The colorectal specialist
Robert Steele, 60, professor of surgery, Ninewells hospital, University of Dundee
Over the decades spent working in oncology I've made a number of changes to my life. I gave up smoking as a junior doctor while working on a respiratory ward and seeing so many lung cancer patients, I started taking vitamin D tablets after reading research linking a deficiency (of which there is much in Scotland due to the lack of sunlight) to certain types of cancer, and have always watched my weight.
These have all been relatively painless. But in 2007, after attending the launch of the most compelling research I have read into lifestyle choices and cancer, I decided to temper my intake of red meat. As director of the Scottish colorectal cancer screening programme, I was aware of the links between excessive red and cured meat consumption with this and other forms of cancer, yet I still ate one meal a day that contained it.
I'm now down to about twice a week, and have almost completely cut out cured meat. Reneging on bacon rolls has been difficult, but I know that twice a year – new year's day and my birthday – my wife, herself a nutritionist, will cook me them as a treat. It's something to look forward to, at least.
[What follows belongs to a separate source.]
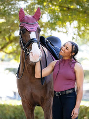 Decrease sharp sounds and improve your horse's relaxation and concentration with this peak-performance Acoustic Ear Bonnet. Hand crocheted in a specialist patterned knit, it has a sporty low-line cut. Coordinated soft shell patch trim and matte silicone LeMieux branding create a sophisticated look.
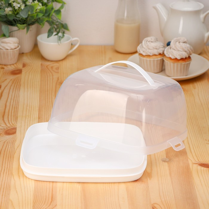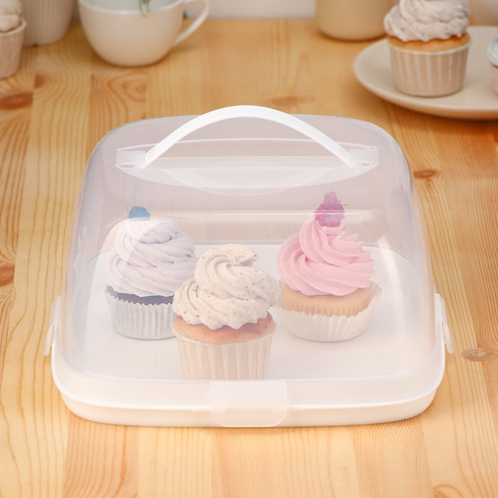Тортовница с защёлками, 28×28 см, цвет белый

Seeing and operating on colorectal cancers regularly is a powerful stimulus – they don't look pretty at all. But I'm not in the business of telling people certain things should be banned completely. Nor am I one to dismiss leftfield practices outright. As well as surgery and screening, I have research interests in prevention, and have seen projects on all manner of quirky methods. If people wish to use homeopathic medicine in an attempt to prevent cancer, despite there being no medical evidence for its success or any active component whatsoever, the placebo effect itself may be strong.
The lung specialist
Adam Dangoor, 42 medical oncologist, University Hospital Bristol
A while ago I was approached by a teenager outside our local grocery shop. She asked me to buy her some fags, and I had to tell her she'd asked the wrong person. I am a medical oncologist specialising in the treatment of lung cancer; seeing people smoking as young as that is a constant frustration.
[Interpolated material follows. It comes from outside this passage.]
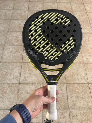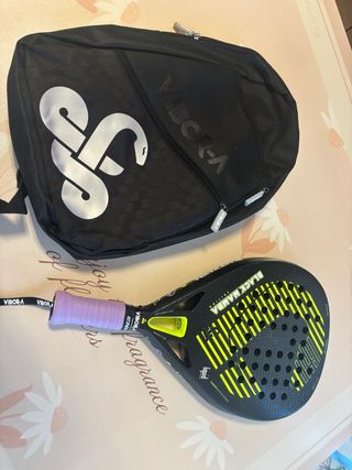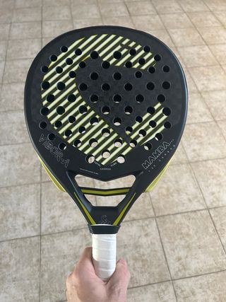 Pala de pádel Vibor-A. - Modelo Black Mamba. - Incluye funda. - Diseño en negro y amarillo. - Le puse un overgrip pero no he llegado a utilizarla porque me han regalado otra.
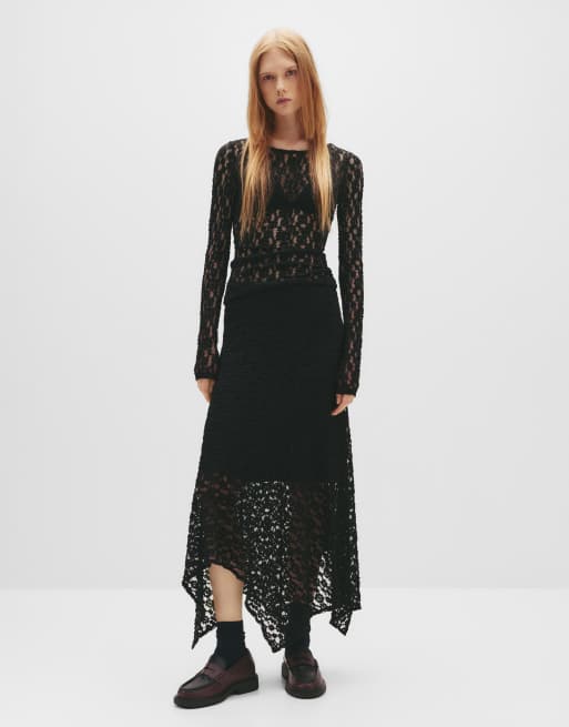Pull&Bear - Top en dentelle à dos ouvert - Noir

Of the lung-cancer patients I deal with, around 90% of them are smokers. Fortunately, I have never taken it up. My mother was a nurse, and when you start your medical training, as a teenager in my case, meeting patients with serious illnesses, it makes you consider your own mortality and think twice about engaging in risky habits.
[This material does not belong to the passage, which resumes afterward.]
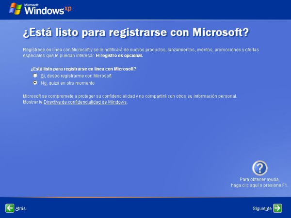 A continuación el sistema nos brindará la posibilidad de registrarnos con Microsoft a través de Internet si así lo deseamos; en nuestro caso seleccionaremos el radio botón "No, quizá en otro momento", y posteriormente pulsaremos sobre el botón "Siguiente".

I recall sharing a flat with smokers a few years back, and was amused at the contradictions in their lifestyles: I'd see one go out and enjoy a heavy night of social smoking and then wake up the next morning and eat a bio-yogurt for the health benefits he thought it would provide. Going out with them could be uncomfortable; before the smoking ban, I'd sit in pubs and sometimes have to leave early as their smoke stung my eyes.
On occasion, I'll have to tell three or four people in a day they've got months to live. It's a difficult part of the job. I try not to take my work home with me or let it affect me too much, but to really empathise with your patients you have to try to see things through their eyes. If I treat someone close to my age with young children, like me, it's hard not to think about it later.
It's not uncommon to have patients approach me, clutching the latest Daily Express front cover, demanding treatment they've seen reported in the tabloids. It can be difficult to explain there's not yet sufficient evidence for offering it – and in some cases no evidence at all.
Ultimately, however, oncology is a hugely satisfying speciality. Whether it be about prolonging life, relieving pain or psychologically supporting a patient and their family through illness, I find what I do hugely rewarding.